I can’t possibly ever prepare myself enough for the future. There will always be unexpected factors I hadn’t thought of and things that just can’t be planned for. However, I still try. It’s so exhausting. It’s like thinking a thousand thoughts about one thing while thinking of a thousand more on another different thing and so on. Unfortunately, I don’t know any other way of thinking so that’s how it is for now.
A good day, for me, is one where I feel productive and I feel like I’m contributing to society. It’s a day where I am kept busy with things I really enjoy. There’s a line between enjoyable busywork and stressful busywork which ends up not being good. When I have good days I get a break from that thinking. It is really, really nice to be free from the self-doubt. I feel more hope, happiness, and a tiny bit of confidence. I can be present in the moment instead of in my head.
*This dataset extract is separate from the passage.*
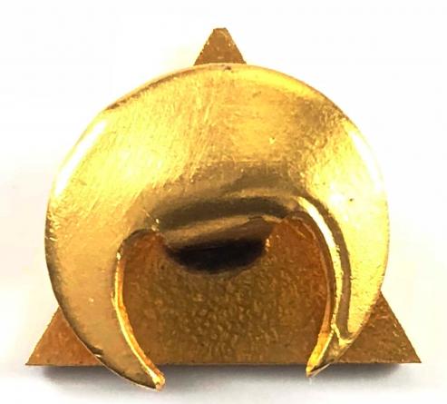 A good circa 1950's 'Medway Wheelers Cycling Club' small triangular gilt and enamel lapel badge, depicting a winged cycle wheel. Very good condition, complete with original buttonhole fitting, no damage to the enamel.

When I get home from a good day, all that overthinking and doubt and negativity comes crashing back. It hits me so hard that I almost fear having good days. I get a taste of what my life could be without that thinking, but then it comes back and I can’t seem to stop it. I feel disappointed that I can’t seem to control it myself, I feel sad that I go back to the exhausting thinking, and I feel a loss of hope that I might one day live a life where there are more good days than bad.
I love the good days because they’re so enjoyable and I feel free from myself. At the same time, I despise the good days because it seems to amplify what happens on a daily basis for me, which makes it seem harder for a day. Then I get used to it again, the normal state of my mind.